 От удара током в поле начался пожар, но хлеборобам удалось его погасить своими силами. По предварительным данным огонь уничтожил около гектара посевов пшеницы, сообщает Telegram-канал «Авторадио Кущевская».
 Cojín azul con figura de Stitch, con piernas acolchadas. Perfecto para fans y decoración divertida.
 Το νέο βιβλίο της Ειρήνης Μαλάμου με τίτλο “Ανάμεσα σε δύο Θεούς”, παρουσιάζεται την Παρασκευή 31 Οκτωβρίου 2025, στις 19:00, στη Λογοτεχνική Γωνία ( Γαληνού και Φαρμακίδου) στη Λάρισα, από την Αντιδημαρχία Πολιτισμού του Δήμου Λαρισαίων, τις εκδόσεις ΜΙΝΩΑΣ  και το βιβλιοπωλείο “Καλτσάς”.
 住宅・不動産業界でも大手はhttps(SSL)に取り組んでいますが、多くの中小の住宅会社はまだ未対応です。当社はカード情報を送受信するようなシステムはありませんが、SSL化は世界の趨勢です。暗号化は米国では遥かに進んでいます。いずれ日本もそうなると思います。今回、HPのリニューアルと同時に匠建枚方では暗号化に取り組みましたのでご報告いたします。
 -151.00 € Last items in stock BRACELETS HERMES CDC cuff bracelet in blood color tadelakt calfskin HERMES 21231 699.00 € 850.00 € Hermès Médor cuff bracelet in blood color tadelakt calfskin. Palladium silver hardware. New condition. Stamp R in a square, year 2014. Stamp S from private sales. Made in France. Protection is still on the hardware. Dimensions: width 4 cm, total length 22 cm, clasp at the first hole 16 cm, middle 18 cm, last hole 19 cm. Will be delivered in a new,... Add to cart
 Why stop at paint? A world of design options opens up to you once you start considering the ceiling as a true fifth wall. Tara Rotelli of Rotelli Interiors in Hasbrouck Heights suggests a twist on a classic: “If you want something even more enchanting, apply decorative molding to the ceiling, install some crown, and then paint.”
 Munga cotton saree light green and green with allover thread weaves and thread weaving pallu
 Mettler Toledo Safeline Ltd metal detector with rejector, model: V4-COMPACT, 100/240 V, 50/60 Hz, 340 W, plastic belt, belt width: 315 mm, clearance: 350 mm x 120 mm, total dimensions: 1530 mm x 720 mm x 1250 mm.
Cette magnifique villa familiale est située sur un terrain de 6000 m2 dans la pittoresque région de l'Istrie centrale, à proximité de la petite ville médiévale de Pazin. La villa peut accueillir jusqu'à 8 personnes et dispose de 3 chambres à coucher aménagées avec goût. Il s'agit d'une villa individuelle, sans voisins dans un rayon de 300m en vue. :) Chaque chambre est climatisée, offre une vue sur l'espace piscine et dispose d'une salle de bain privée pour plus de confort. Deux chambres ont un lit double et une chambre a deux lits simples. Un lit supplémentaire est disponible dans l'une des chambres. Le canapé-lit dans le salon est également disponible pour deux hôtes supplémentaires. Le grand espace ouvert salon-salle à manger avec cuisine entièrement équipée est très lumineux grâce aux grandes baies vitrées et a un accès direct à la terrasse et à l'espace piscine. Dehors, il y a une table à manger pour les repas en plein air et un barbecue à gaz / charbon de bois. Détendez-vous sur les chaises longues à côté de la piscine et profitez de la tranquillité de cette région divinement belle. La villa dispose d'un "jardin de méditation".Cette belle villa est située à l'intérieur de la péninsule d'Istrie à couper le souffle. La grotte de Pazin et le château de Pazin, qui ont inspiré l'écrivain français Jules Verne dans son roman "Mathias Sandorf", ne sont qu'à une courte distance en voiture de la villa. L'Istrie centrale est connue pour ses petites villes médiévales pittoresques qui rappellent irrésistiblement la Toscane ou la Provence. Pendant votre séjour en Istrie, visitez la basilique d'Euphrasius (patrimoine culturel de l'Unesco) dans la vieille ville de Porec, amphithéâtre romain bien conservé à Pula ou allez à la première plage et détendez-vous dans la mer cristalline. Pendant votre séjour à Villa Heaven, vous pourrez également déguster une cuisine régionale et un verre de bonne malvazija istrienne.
- - -
All lines in the records that contain "width" are to be copied and returned.

 -151.00 € Last items in stock BRACELETS HERMES CDC cuff bracelet in blood color tadelakt calfskin HERMES 21231 699.00 € 850.00 € Hermès Médor cuff bracelet in blood color tadelakt calfskin. Palladium silver hardware. New condition. Stamp R in a square, year 2014. Stamp S from private sales. Made in France. Protection is still on the hardware. Dimensions: width 4 cm, total length 22 cm, clasp at the first hole 16 cm, middle 18 cm, last hole 19 cm. Will be delivered in a new,... Add to cart
 Mettler Toledo Safeline Ltd metal detector with rejector, model: V4-COMPACT, 100/240 V, 50/60 Hz, 340 W, plastic belt, belt width: 315 mm, clearance: 350 mm x 120 mm, total dimensions: 1530 mm x 720 mm x 1250 mm.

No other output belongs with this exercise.